Oh, but capitalism does love a rarity.
The Royal Treatment
Instead of balking at the incredible energy, money, and time needed to grow pineapples, the European aristocracy ate them up—but not literally. With its "mysterious aura," the pineapple became such a prized possession, such a sign of wealth and flippant excess, that you wouldn’t be caught dead actually eating one. Instead, pineapple fans like Catherine the Great and King Louis XV passed around and displayed their precious pineapples until they simply rotted away. After all, a single pineapple could cost up to $8,000.
That’s the thing, right? The minute an object becomes a precious commodity, it can’t be just a commodity anymore. A useful good—especially something perishable like food—isn’t a luxury. Instead, the less something is actually used for its intended, practical purpose, the more valuable and “luxurious” it is. Think about your grandma wrapping her expensive furniture in plastic and forbidding you from sitting on it, or about your uncle’s unread, pristine comic book collection. These aren’t merely things, they’re collectibles. Same with the pineapple: It got popular, and suddenly, no one was eating it.
Still, the 18th-century aristocrats took this luxury concept to the absolute next level.

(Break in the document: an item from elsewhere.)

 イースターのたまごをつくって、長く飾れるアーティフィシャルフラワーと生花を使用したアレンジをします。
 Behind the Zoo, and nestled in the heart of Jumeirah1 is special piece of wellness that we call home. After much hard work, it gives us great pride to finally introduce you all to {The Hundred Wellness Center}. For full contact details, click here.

Any ambitious hostess simply had to have a pineapple decorate her dinner table, so she would rent one to bless her spread and show her guests what hospitality really meant. The very wealthy (and bored) also started competing to produce the most pineapples, which was no small feat given its gestation period.
But one John Murray, the 4th Earl of Dunmore, took the cake. Murray even built a pinery on his estate topped with an enormous, embarrassingly phallic, pineapple. If you’re ever in Scotland, it still stands to this day. It’s okay John, I’m sure yours is bigger than mine.
A Modern-Day Pineapple
Though it changed as the years wore on, the pineapple fad had legs. By 1899, industrialist James Dole—as in the Dole fruit company—moved to Hawaii and started putting the decorative fruit back to work in the factories, cultivating it industrially. Though the pineapple’s luxury days were over, it made new cultural connections. Other companies like Del Monte also opened up pineapple plants on the island of Oahu, further linking the modern pineapple with Hawaiian cuisine. The association continues, even though most pineapple operations in Hawaii have ceased today. Why else do you think we have “Hawaiian” pizza?

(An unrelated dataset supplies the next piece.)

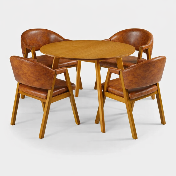Este conjunto de jantar une design contemporâneo e conforto absoluto, perfeito para cozinhas e salas de jantar modernas. A mesa redonda em madeira traz um visual leve e elegante, favorecendo a circulação e a interação no ambiente, enquanto suas linhas simples valorizam diferentes estilos de decoração.
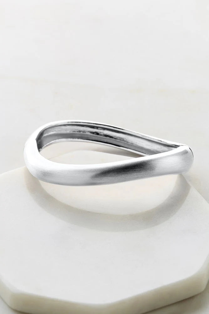Make a statement with the Nara Brushed Bracelet, a bold chunky bangle featuring a convenient spring closure. Finished with our distinctive brushed texture, this bracelet is perfect for wearing solo for a sleek, modern look or stacking with our Olivia and Ally bracelets to create a striking layered effect. Its versatile design and textured finish make the Nara Brushed Bracelet a standout piece in any jewellery collection.

These cultural pineapple links have only multiplied. In decorative architecture, both from the 18th century and beyond, pineapples continue to symbolize hospitality just as they would in a fashionable lady’s supper spread. It is also recognized as “the fruit of colonialism" and its legacy for the ways the British, Dutch, Portuguese, French, and other colonial powers glommed on to the fruit. Perhaps more surprisingly, the pineapple has even become a symbol of the infertility community, who need reminders to “Stand tall, wear a crown, and be sweet on the inside.”

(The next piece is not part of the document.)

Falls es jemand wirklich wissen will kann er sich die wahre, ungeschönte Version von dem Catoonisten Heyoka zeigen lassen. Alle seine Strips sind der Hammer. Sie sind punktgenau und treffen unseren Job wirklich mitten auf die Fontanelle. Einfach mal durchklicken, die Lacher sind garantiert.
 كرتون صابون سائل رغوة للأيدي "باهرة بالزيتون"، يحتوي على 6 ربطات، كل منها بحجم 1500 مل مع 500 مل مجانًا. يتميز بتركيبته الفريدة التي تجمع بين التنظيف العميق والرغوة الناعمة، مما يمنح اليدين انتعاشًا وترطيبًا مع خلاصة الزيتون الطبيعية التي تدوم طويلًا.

In 2017, people even noticed the pineapple fad resurfacing, with everything from salt and pepper shakers to jewelry taking on its familiar crowned, aesthetically-pleasing form. You want a pineapple planter pot, phone case, or wallpaper? You got it. Bedspreads, framed art, t-shirts, all there for you—many of them gilded and golden. In short, today pineapples aren’t just pineapples either. They are tiny treasures, polite gestures, and symbols of hope all at once.
There’s just something about the pineapple that makes us want to turn it into something glittering, aspiring, and luxurious—something other than plain old nourishment. Of course, if you time traveled three centuries backward and met Catherine the Great, she’d tell you that’s nothing new.